TASK DIRECTIONS.
Please write out every line of the material, leaving out any picture.

COLLECTED MATERIAL.
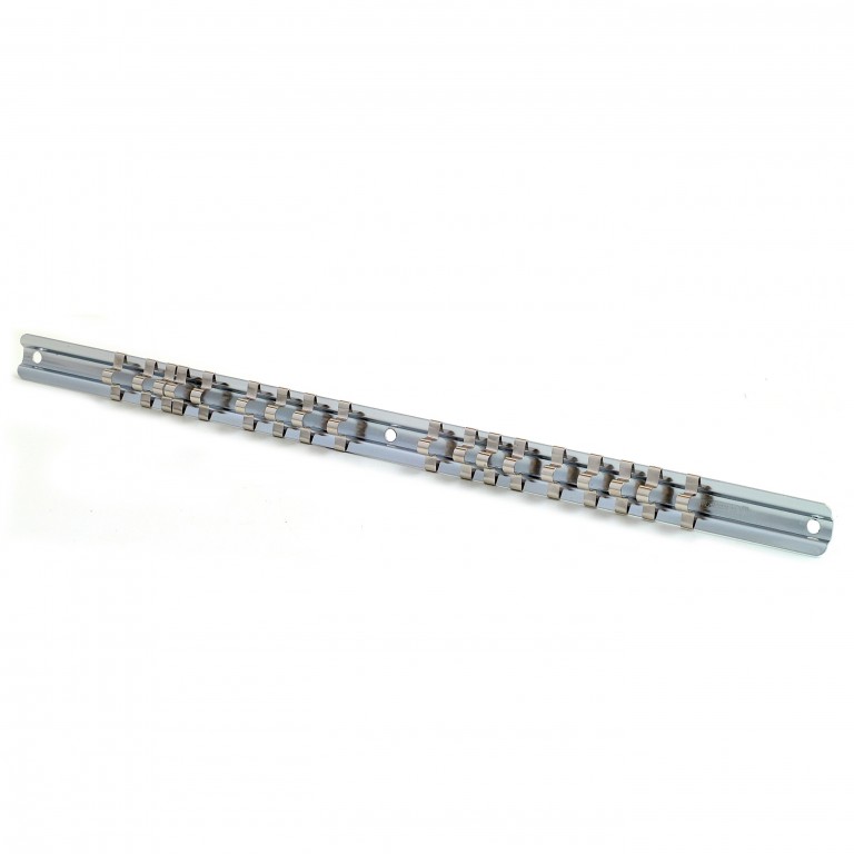 18 socket holding clips on a rail, can be easily arranged in any desired position
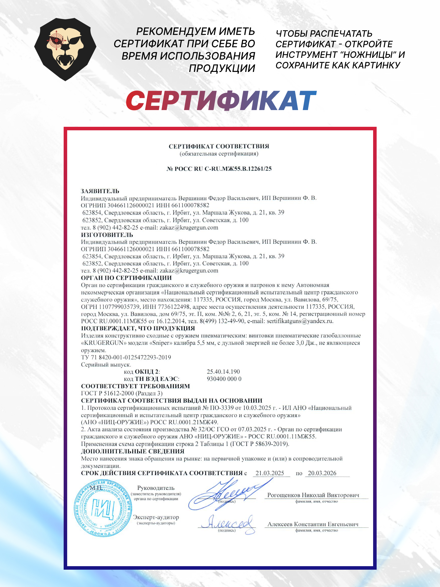 Пневматика Крюгерган 5.5 продается по факту предоставления паспорта — иные разрешения для ее эксплуатации не потребуются.
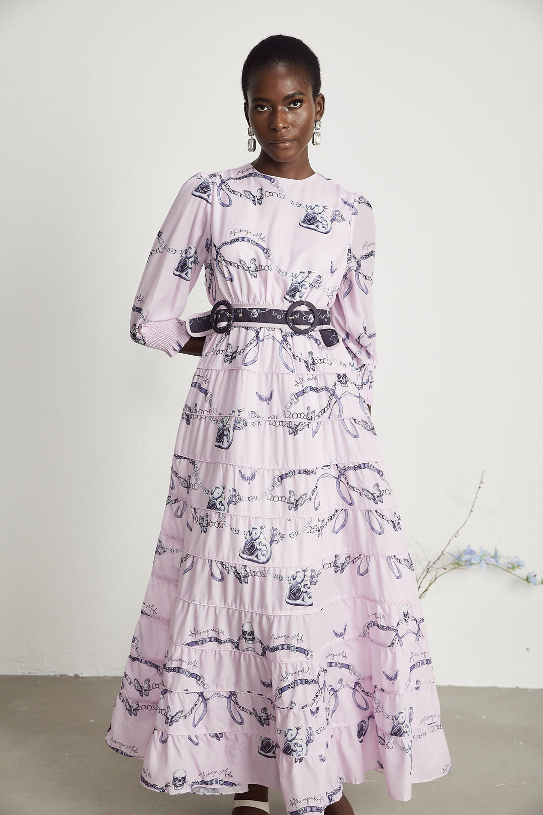 Vittoria Grafik Desenli Kemerli Midi Elbise Mor

ANSWER AREA.
 18 socket holding clips on a rail, can be easily arranged in any desired position
 Пневматика Крюгерган 5.5 продается по факту предоставления паспорта — иные разрешения для ее эксплуатации не потребуются.
 Vittoria Grafik Desenli Kemerli Midi Elbise Mor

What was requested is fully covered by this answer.